- install jupyterlab and nodejs
- add your source
- build your extensions and all dependencies as npm-pkg.tgz
- copy the extensions right into PREFIX/share/jupyter/extensions
- jupyter lab build
- remove nodejs
- rm -rf PREFIX/share/jupyter/lab/staging ~/.npm ~/.cache/yarn
- probably some more stuff, like extra copies of yarn.js (4mb), but staging is the big deal.
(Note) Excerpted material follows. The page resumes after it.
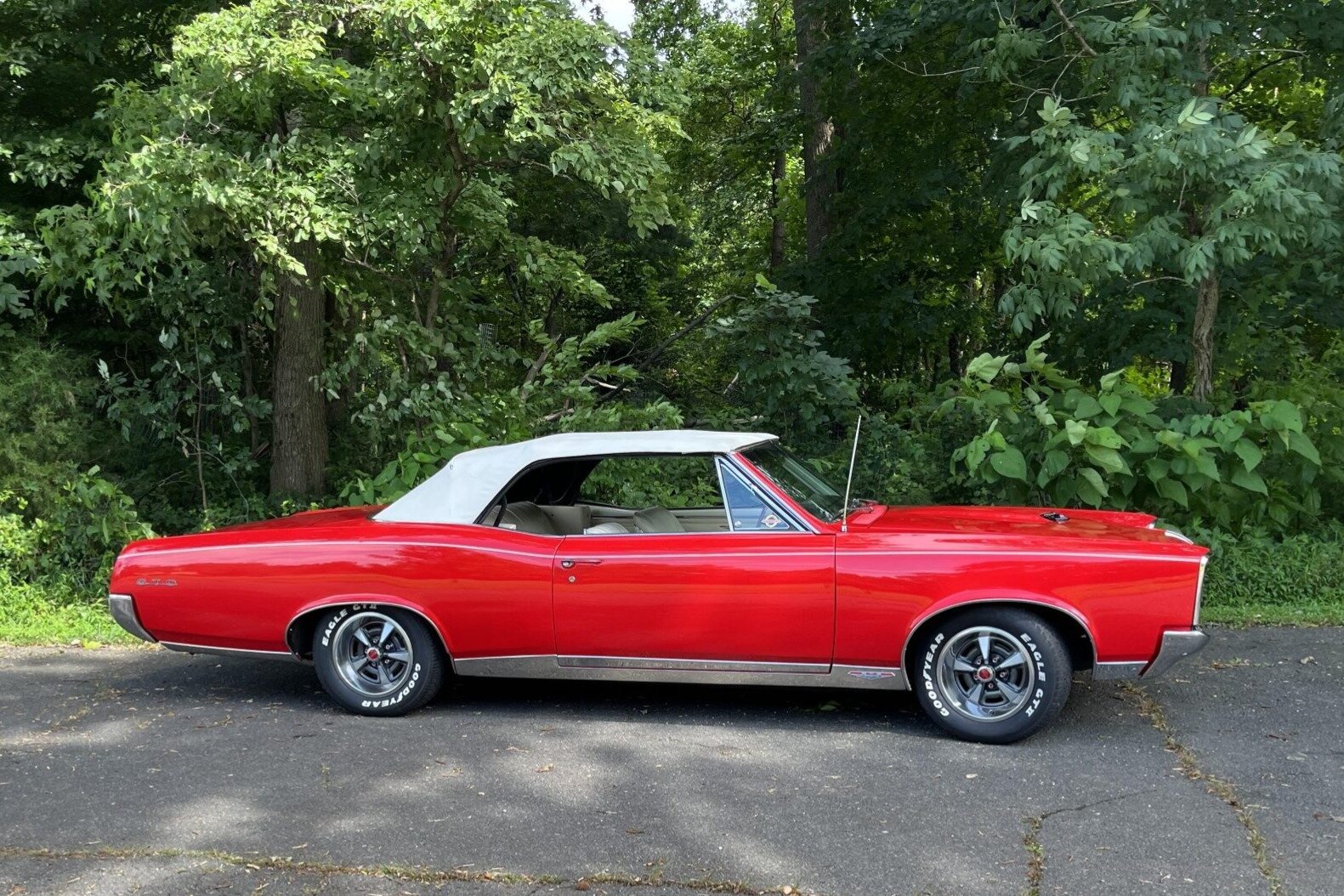 Styled 15″ wheels wear polished trim rings as well as red PMD center caps and are mounted with 235/60 Goodyear Eagle GTII white-letter tires.

- clean all your package managers
- squash your image at the end
All this assumes you are...
- not planning on permitting your end users to _(un)install_ (vs (en|dis)able) extensions
- not using nodejs for anything else
- want to do it all in one docker file with just your Babel/typescript/whatever too chain
Some notes on this:
- The biggest I've ever made a production lab/static/ is about 45mb, which included A number of in-browser language runtimes
- don't do that if you can avoid it
- use webpack visualizer and duplicate checking tools to figure out if you or an extension you're using is messing stuff up
- Once you get to some serious size (main.xxx.js > 5mb), it's important to make sure you are lazy loading... I'm sure most upstream extension would accept PRs
Another way to approach this is the builder pattern... Using pip or conda or rpm or docker or tar, do a build of the extensions you want, and pack up the lab directory (minus staging) and use that as an input to your docker build.
The best place to do this is probably in the same package managers you are using for jupyterlab (e.g pip/conda), and hard pin to the version of jupyterlab. Heck you can even make /static/ read-only.
If you do want to let users install random extensions, you're pretty much out of luck, supporting many users doing "modern frontend development" is an escheresque bouncy castle covered in barbed wire.
Sorry this isn't nice to work with yet in a deployed seeing. We're trying. As long as webpack is in the loop, this is going to be painful and slow. I've even started looking at systemjs and http/2 on tornado.